_EXERCISE DETAILS:_
The lines to repeat run from the one containing "Подъюбник женский базовый" through the last line of the records below; repeat them exactly and give nothing more.

_GIVEN ENTRIES:_
========================
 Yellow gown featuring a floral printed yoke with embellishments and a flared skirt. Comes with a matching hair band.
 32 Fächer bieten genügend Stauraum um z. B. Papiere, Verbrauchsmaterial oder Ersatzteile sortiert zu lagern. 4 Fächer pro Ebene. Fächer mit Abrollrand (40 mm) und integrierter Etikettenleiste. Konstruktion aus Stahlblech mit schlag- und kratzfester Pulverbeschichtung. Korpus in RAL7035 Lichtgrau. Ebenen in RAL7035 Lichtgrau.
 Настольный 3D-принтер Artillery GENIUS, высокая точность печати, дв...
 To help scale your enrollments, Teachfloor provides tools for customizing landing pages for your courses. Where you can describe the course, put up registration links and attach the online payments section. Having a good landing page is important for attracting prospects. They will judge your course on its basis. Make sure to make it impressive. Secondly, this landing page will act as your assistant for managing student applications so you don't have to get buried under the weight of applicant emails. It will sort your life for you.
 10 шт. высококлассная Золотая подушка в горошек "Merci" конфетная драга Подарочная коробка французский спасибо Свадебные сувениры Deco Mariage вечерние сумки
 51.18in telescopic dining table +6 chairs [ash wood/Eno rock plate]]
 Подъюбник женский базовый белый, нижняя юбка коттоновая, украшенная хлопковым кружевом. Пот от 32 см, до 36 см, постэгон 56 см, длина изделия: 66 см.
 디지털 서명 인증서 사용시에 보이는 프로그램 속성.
========================
_ANSWER BOX:_
 Подъюбник женский базовый белый, нижняя юбка коттоновая, украшенная хлопковым кружевом. Пот от 32 см, до 36 см, постэгон 56 см, длина изделия: 66 см.
 디지털 서명 인증서 사용시에 보이는 프로그램 속성.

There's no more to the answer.